Held horizontally, the sextant can be used to measure the angle between any two objects, such as between two lighthouses, which will, similarly, allow for calculation of a line of position on a chart. Celestial navigation continues to be used by private yachtsmen, and particularly by long-distance cruising yachts around the world.

Answer 2

Question “What geometric method was used for Apollo Cislunar navigation? Answer: There was not a single geometric method. Sextant sights were reduced to lines of position, not discrete position fixes. Multiple navigational inputs were numerically integrated by the Flight Computer (FC) to continuously update the State Vector.

Question: “Could traditional Marine Celestial Navigation be used for Cislunar navigation?” Answer: Maybe. But hand calculations would be so tedious the answers would likely be irrelevant by the time they appeared. Calculations could be sped up with a computer, but it would still provide only a position fix, not a vector.
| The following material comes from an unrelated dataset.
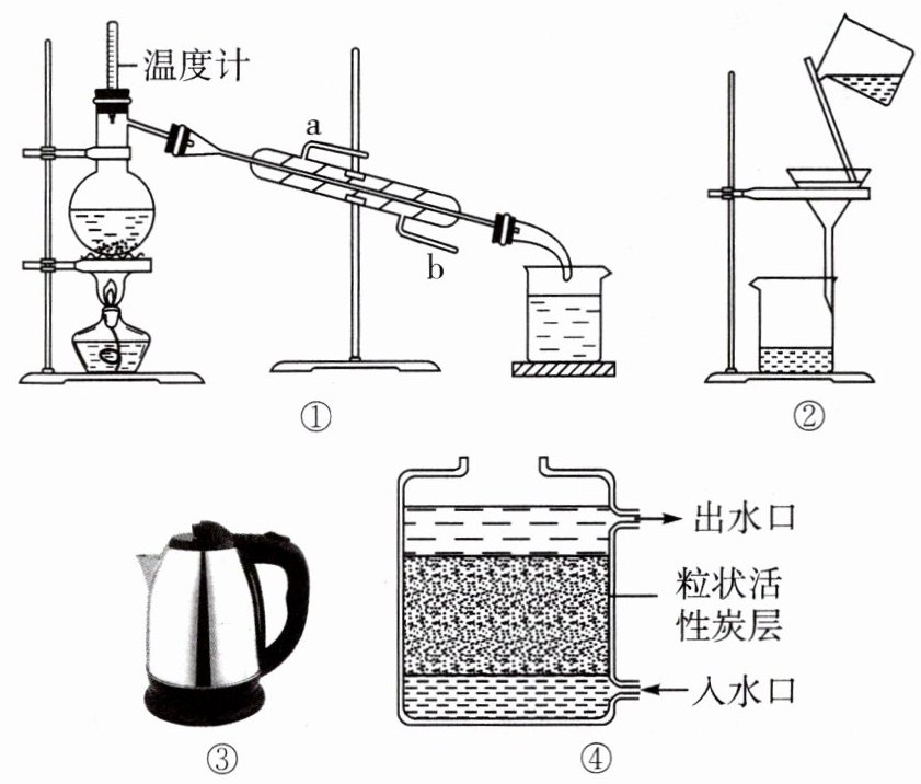 D 解析 图①中冷凝水应从 b 口进,a 口出,这样冷凝比较充分,A 正确;图②是过滤,过滤时滤液要低于滤纸边缘,B 正确;高温能杀死水中的细菌,煮沸是生活中对饮用水杀菌消毒的主要方法,C 正确;①是蒸馏,蒸馏几乎可除去所有杂质,可得到纯净水,②③④只能除去水中的部分杂质,无法得到纯净水,D 错误。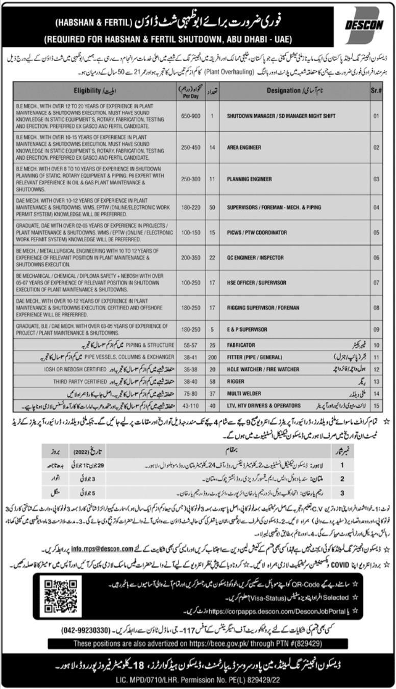 Descon Engineering Limited invites applications for job positions advertised in daily Jang dated 19 June 2022 for following vacancies in Abu Dhabi, abu dhabi UAE.

The State Vector could be derived from multiple fixes, but once again the information would be stale before it arrived.

Cislunar navigation on Apollo was dependent on either the Command Module’s FC or ground based computing. It could not have been accomplished by hand calculations and ephemeris.

• The following is excerpted from The Apollo Guidance and Navigation document R-500 from MIT https://ntrs.nasa.gov/api/citations/19660019469/downloads/19660019469.pdf

“The originally stated premise that a single failure should leave the system with enough capability to return safely should now be examined... If ground tracking navigation data are unavailable because of a loss of communications, then the onboard system can perform all the necessary navigation. If the onboard navigation capability fails, the ground can provide the necessary data. This applies to the failure of either the optics system or the onboard computer.”

A computer is always in the loop. It can do a better, faster job than traditional methods.

• From Chapter III-2 Coasting Flight Navigation: (same document)

Flight Computer (FC) Inputs:

Distance, velocity, elevation and azimuth from well-established reference points
Angles between lines of sight to known celestial objects,
Star occultations, and
Apparent planet diameters.

The input navigation information listed above does not include an absolute position fix, but each piece of information can update a portion of the State Vector coordinates. For instance, radar may provide z-axis data and velocity. Horizon/star sights may provide x-axis and y-axis data but no velocity data.

A value for the 6-dimensional State Vector is maintained in the FC. It uses an Earth- or Moon-centered equatorial coordinate system (depending on the sphere of influence). The computer uses equations of motion to continuously update the State Vector using numerical integration of the inertial sensor data. As other navigational inputs become available, they, too, are used to update the State Vector.

During cislunar flight, navigation observations could potentially keep astronauts busy 24/7 … too busy to perform other tasks. To optimize the workload, the flight plan limits navigation observations to those which will increase navigational accuracy. Accuracy was defined as reduced RMS error at the next transit endpoint, such as Lunar orbital insertion.